The reason Milliken was so successful was that he was something called a progressive Republican. If you don’t know what that is, that’s because they’re exceedingly rare these days. They’re Republicans who are fiscally conservative, but well-informed and open-minded on social and environmental issues.
Milliken left the Michigan governor’s office in 1983, but stayed active in politics. During the 2004 presidential election he endorsed Democratic challenger John Kerry and said, “President George W. Bush does not speak for me or for many other moderate Republicans on a very broad cross section of issues.” Then in the 2008 election he endorsed Democrat Barak Obama after Republican candidate John McCain’s campaign began running what Milliken thought were objectionable attack ads. Milliken explained, “Increasingly, the party is moving toward rigidity, and I don’t like that. I think Gerald Ford would hold generally the same view I’m holding on the direction of the Republican Party.”
These days Republicans like Milliken are derisively labeled as Republican In Name Only (RINO) by the party’s right-wing extremists. This faction, let’s call them regressive Republicans, have become very powerful within the party. Subsequently, most progressive Republicans have left the party, or have had little success during the party’s primary elections.
A good indicator as to how far to the right the Republican Party has descended in recent years can be found in a recent report issued by the Southern Poverty Law Center (SPLC). The report found that the number of hate groups in the U.S. fell by 7% in 2013, and the number of anti-government “patriot” groups fell by 19%. One of the reasons for this decline, the report claimed, is that some right-wing Republican politicians have adopted the political views of these groups, thereby stealing their members. Owch!

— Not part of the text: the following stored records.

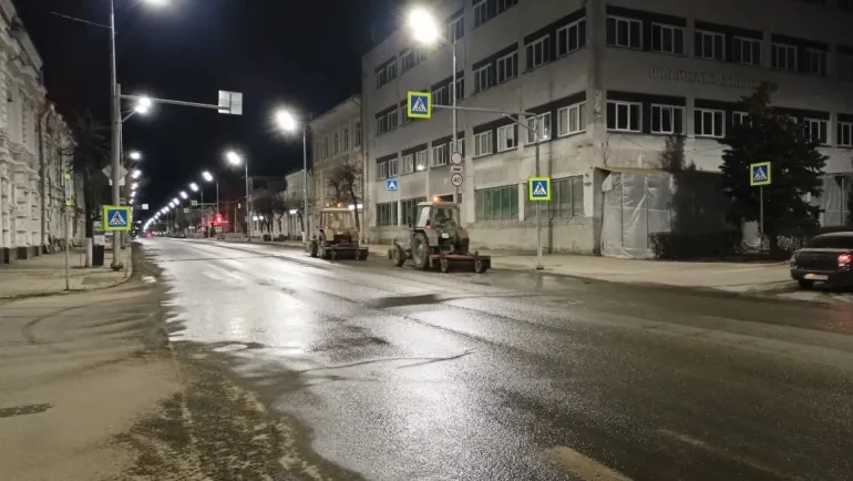 За последние несколько дней уборочные работы проводились на улице Интернациональной, улице Котовского, улице Охотной, на кольцевых развязках Юго‑Западного района, а также на улицах Декабристов, Ульяновской и Советской.
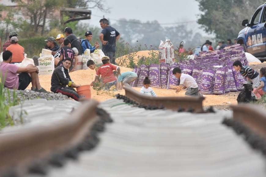Lo más preocupante es que muchos de los saqueadores continúan en el lugar embolsando el cereal derramado, contando incluso con el apoyo de vehículos (camionetas) para sacar el cargamento.
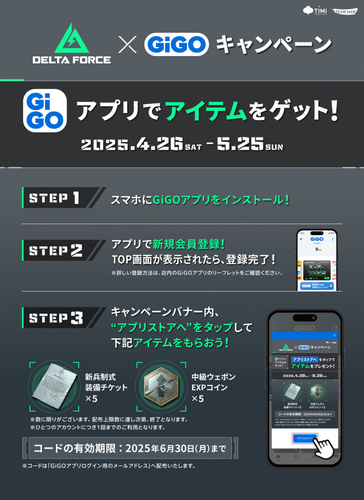 GiGOアプリをダウンロードして、キャンペーンに参加すると「Delta Forceゲーム内アイテム配布コード」を進呈いたします。
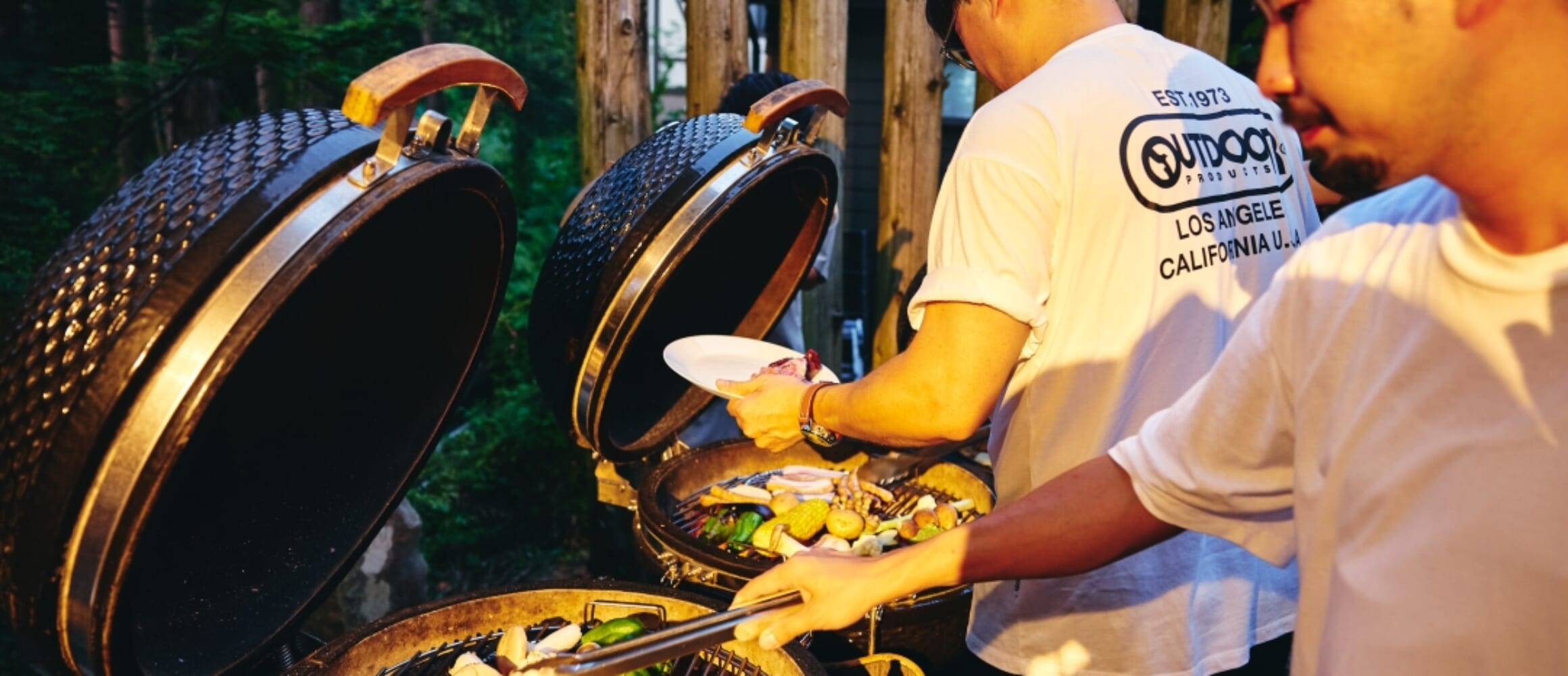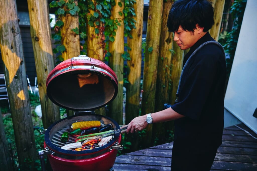 夜は、本格的なバーベキュー体験。アメリカの家庭の庭にあるような大型のフタ付きグリルで肉や野菜を焼きつつ、各国のクリエイターとハミルトンのスタッフとの交流が行われました。
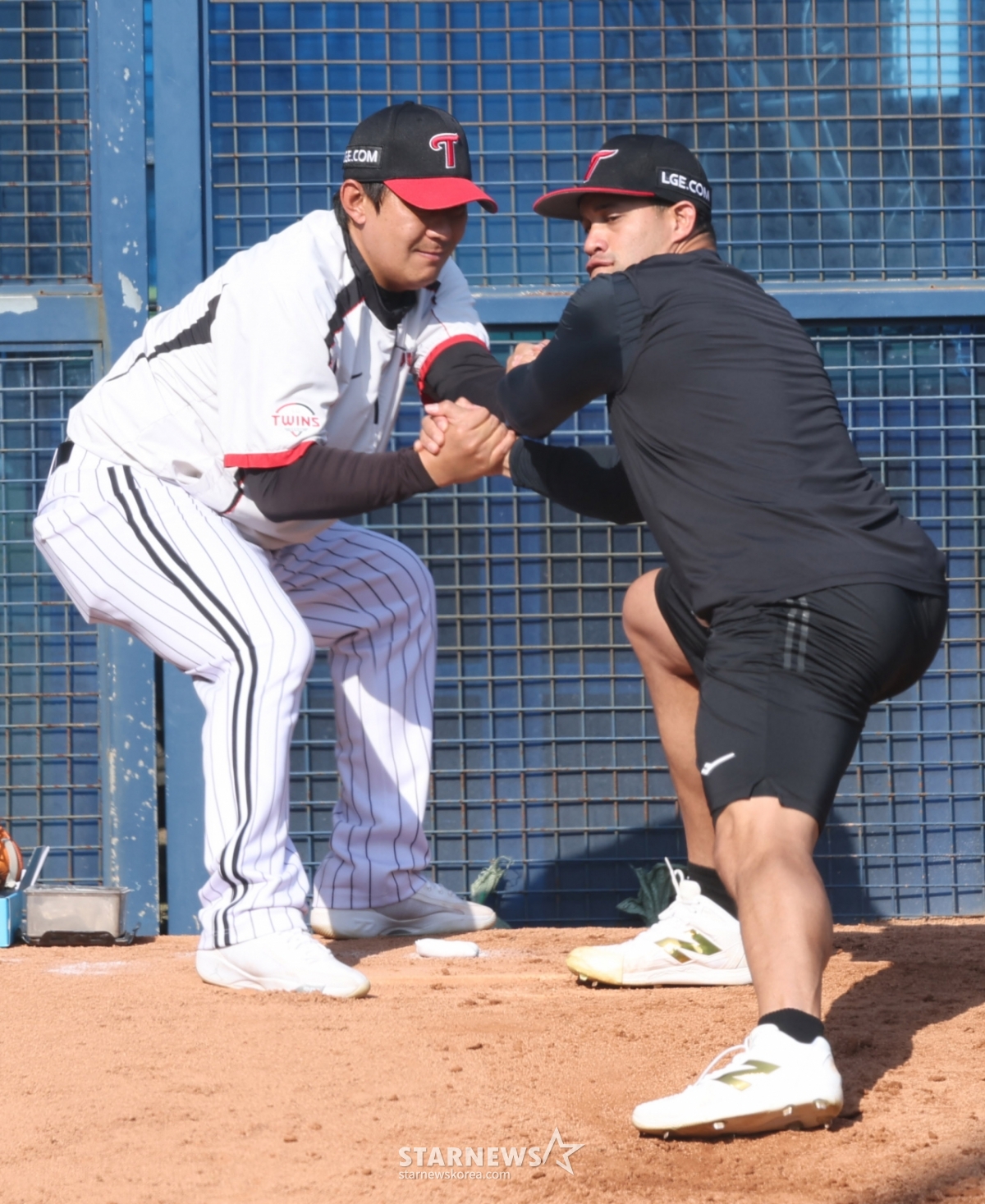 스포츠야구[포토] 치리노스, 허리 근력 강화는 이렇게발행 : 2026.04.14 ・ 16:15조회수 :잠실=김진경 대기자2026 신한 SOL KBO리그 LG 트윈스 대 롯데 자이언츠 경기가 14일 서울 잠실야구장에서 열렸다.LG 치리노스가 장진용 코치와 밸런스를 잡고 있다.<저작권자 © 스타뉴스, 무단전재 및 재배포 금지>브리핑추천 기사김진경 대기자기자홈좋아요스포츠-야구의 인기 급상승 뉴스스포츠-야구의 최신 뉴스AD

You might assume I’m happy the Republican Party appears to be determined to self-destruct and become irrelevant since I don’t agree with many of their political positions. I must confess that I find it entertaining. But I think it’s bad for our country because we need a healthy two-party system for our nation’s long term political health. I think that Bill Milliken, who will be 92 this year, has always felt that way. Maybe more Republicans should respect their elders.